Home » European clean water concerns boost water and wastewater disinfection systems market
European clean water concerns boost water and wastewater disinfection systems market
LONDON -- May 22 -- The water and wastewater disinfection systems market is one of the fastest growing in the overall European water industry. Stringent legislation is the biggest driver of the market and will continue to create substantial growth opportunities as concerns about water pollution and the spread of water-borne diseases in Europe increase, leading to further regulatory measures.
New analysis from Frost & Sullivan, "European Water & Wastewater Disinfection Systems Market," reveals that these markets earned revenues of $485.5 million in 2006. The total European market is expected to generate more than $700 million in revenues by 2013.

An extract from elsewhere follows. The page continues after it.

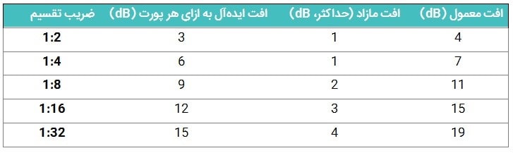 بیشتر اسپلیترهای PON، 1X32 یا 2X32 یا اعداد کوچکتری از توانهای دو هستند (2،4،8،16،32 و …) کوپلرها اصولا متقارناند (مثلا 32X32)،( اما ساختار PON به بیشتر از یک یا دو اتصال فیبر از طرف دفتر مرکزی نیاز ندارد، یکی برای استفاده و دیگری برای نظارت، تست و به عنوان زاپاس، پس بقیهی فیبرها قطع میشوند. کوپلرها با تقسیم مساوی سیگنال بین همهی فیبرهای طرف دیگر کوپلر کار میکنند. اسپلیترها باعث افت زیاد در لینک FTTH میشوند و فاصلهی لینک FTTH را در مقایسه با یک لینک معمول نقطه به نقطهی مخابراتی محدودتر میکنند. جدول زیر راهنمای افت در کوپلر های PON است که میتواند برای طراحی شبکههای فیبر نوری مورد استفاده قرار گیرد.

"Rising concerns about the effects of unregulated industrial activity and biological contamination on water supply have led the European Union (EU) to introduce numerous legislation aimed at enforcing compulsory disinfection of water and wastewater in the municipal sector with high purity process water being the key driver for disinfection in key industrial sectors," notes Frost & Sullivan Research Analyst Mr. Ajay Richard. "In the municipal sector, the key legislative drivers are the EU Drinking Water Directive (98/83/EC), the Bathing Water Directive (Council Directive 76/160/EEC)."
While legislative forces are driving the growth of disinfection systems in the municipal sector, the need for high-purity water is creating demand in the industrial sector, particularly in industries such as food and beverages and pharmaceuticals. Opportunities in the industrial sector will also increase as the trend for industrial plants to set up onsite water treatment plants instead of using public utilities for process water needs, becomes more prevalent.
Although the market offers significant growth opportunities, participants are realizing that they could gain a major advantage by providing additional services along with the disinfection systems. This includes services such as monitoring the systems, providing engineering expertise and personnel training, and linking disinfection with other projects of the particular end user.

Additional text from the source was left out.